### Data block
╔══
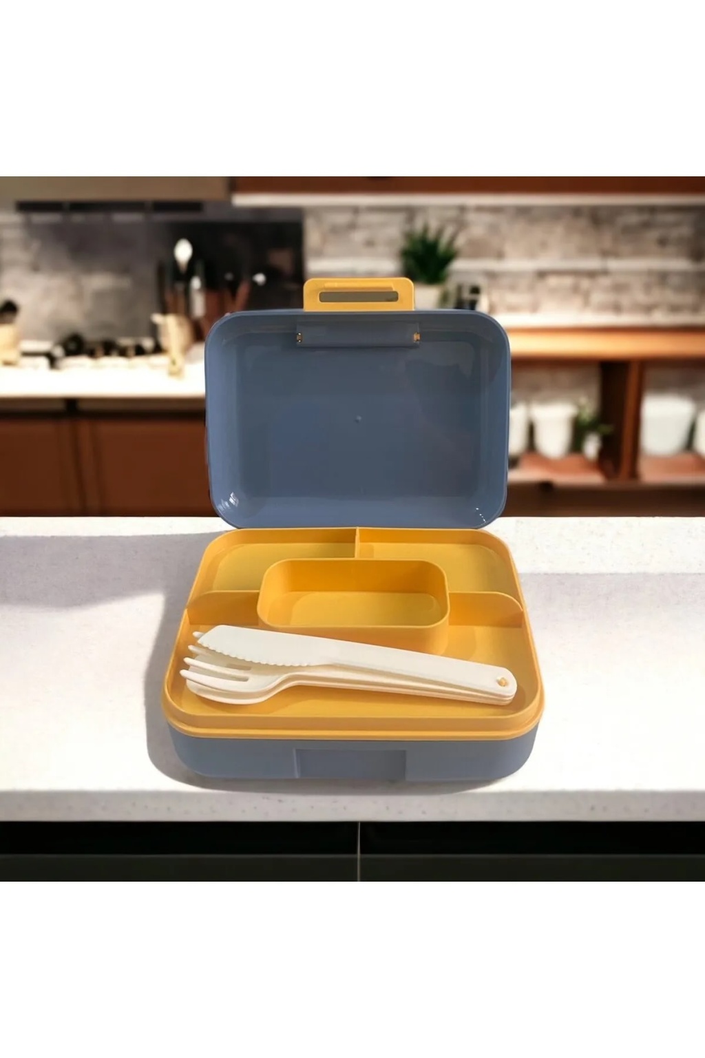 Meyve Suyu Bölmeli - Tabaklı Beslenme Kabı Diyet Kabı -Çatal Bıçak Kaşık Dahildir
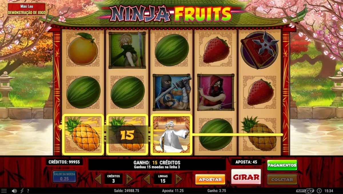 Em primeiro lugar da lista, temos o jogo de frutas Ninja Fruits da Play'n GO, que combina o tema de frutas com uma estética oriental e ninja. O Ninja Fruits foi escolhido como o melhor jogo de frutas online devido à sua combinação única de gráficos vibrantes e mecânicas de jogo inovadoras. Com o maior RTP da lista de 96,65%, 15 linhas de pagamento e volatilidade de caça-níquel média, este jogo oferece uma experiência envolvente e a possibilidade de grandes prêmios tornam este jogo uma escolha popular entre os jogadores de cassino online..
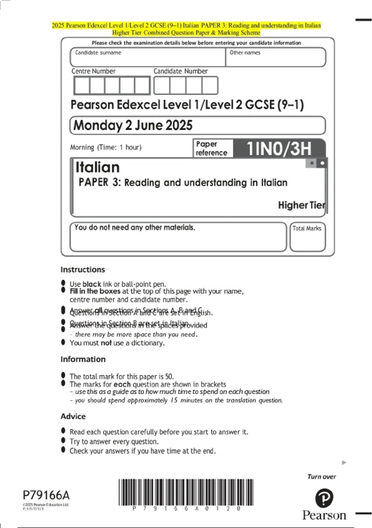 2025 Pearson Edexcel Level 1/Level 2 GCSE (9–1) Italian PAPER 3: Reading and understanding in Italian Higher Tier Examination Paper and Final Marking Scheme
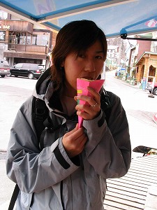 | 何を指さしているのでしょう?鹿島槍がよく見える。 | 下山後はクレープ♪ |
╚══
### Task goal
Reproduce all of the material above word for word. Omit the pictures.

### Task response
 Meyve Suyu Bölmeli - Tabaklı Beslenme Kabı Diyet Kabı -Çatal Bıçak Kaşık Dahildir
 Em primeiro lugar da lista, temos o jogo de frutas Ninja Fruits da Play'n GO, que combina o tema de frutas com uma estética oriental e ninja. O Ninja Fruits foi escolhido como o melhor jogo de frutas online devido à sua combinação única de gráficos vibrantes e mecânicas de jogo inovadoras. Com o maior RTP da lista de 96,65%, 15 linhas de pagamento e volatilidade de caça-níquel média, este jogo oferece uma experiência envolvente e a possibilidade de grandes prêmios tornam este jogo uma escolha popular entre os jogadores de cassino online..
 2025 Pearson Edexcel Level 1/Level 2 GCSE (9–1) Italian PAPER 3: Reading and understanding in Italian Higher Tier Examination Paper and Final Marking Scheme
 | 何を指さしているのでしょう?鹿島槍がよく見える。 | 下山後はクレープ♪ |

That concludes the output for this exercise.